# New Mathews Bows



## Hunterforlife (Feb 7, 2008)

Yep, mathews did a great job this year. The bows all look great, and they have a wide variety to fit many of there shooters. I cant wait to test them out. Im trying to decide between the DLD and the Reezen 7.0 for christmas.


----------



## Wolfey (Aug 12, 2008)

I'm getting an alphamax!


----------



## PA3-DArcher4 (Nov 5, 2008)

*2009 Mathews names*



Ignition kid said:


> I don't remember all their names


HyperLite, Monster, Monster XLR8,Reezen 6.5, Reezen 7.0


----------



## Rory/MO (Jan 13, 2008)

The one with the 360 IBO sure sounds nice to shoot. What was it, a 5" brace height?
Lol


----------



## 2wyoming (Sep 5, 2007)

xXxrory7xXx said:


> The one with the 360 IBO sure sounds nice to shoot. What was it, a 5" brace height?
> Lol


Yep, your correct.
I would not feel comfortable shooting a brace height that short.
I hated shooting my Katera, and it has a 6 inch.

But, its just preference.
I like a more forgiving bow


----------



## bigbuckdown XT (Feb 7, 2007)

i actually dont like that fact that mathews made a bow that looks exactlyyy like the pse x force. im a fan of MATHEWS bows...single cam, short, regular paralel limbs, silky smooth and quiet (not that the Monster isnt)


----------



## Rory/MO (Jan 13, 2008)

Also their name is Mathews *SOLOCAM*. Why would they come out with a dual cam bow?


----------



## 2wyoming (Sep 5, 2007)

I dont think it'll be long til companies start going together, and making bows.

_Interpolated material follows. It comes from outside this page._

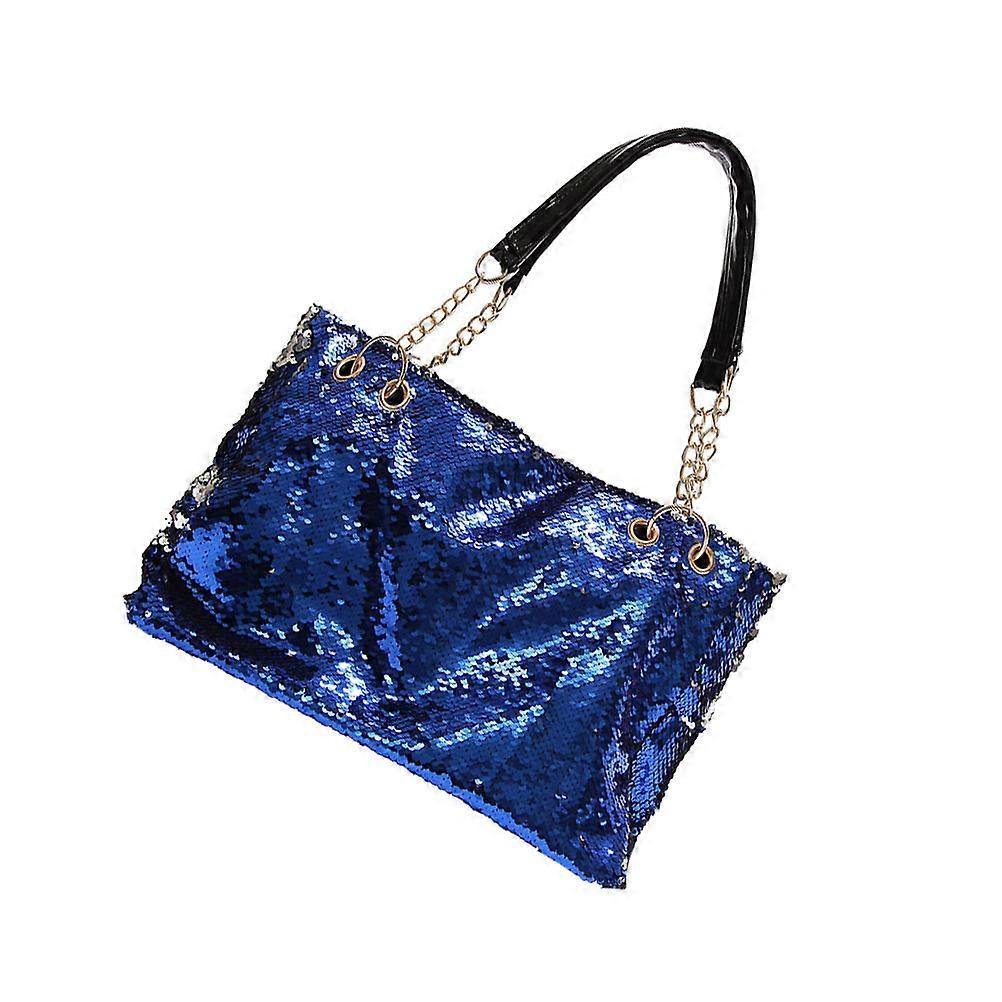 Sequin Tote Bag Large Capacity Handbag for Women 2Pcs Blue PU Strap

I mean, damn they all look the same.

The Riser on the new hoyts look like Bowtechs (in a way)
and all the new dual cam bows look like the XForce cams.


----------



## kaibab-hunter74 (Dec 11, 2006)

bigbuckdown XT said:


> i actually dont like that fact that mathews made a bow that looks exactlyyy like the pse x force. im a fan of MATHEWS bows...single cam, short, regular paralel limbs, silky smooth and quiet (not that the Monster isnt)


so are you saying that the x-force isn't silky smooth and quiet? cause it is..... looks to me like Mathews is hijacking the pse limb design and trying to call it their own. of course, the mathews looks a lot uglier and has giant bulky grip. i would like to know how it's the most efficiant dual cam bow ever built.... how? show me some statistics mathews!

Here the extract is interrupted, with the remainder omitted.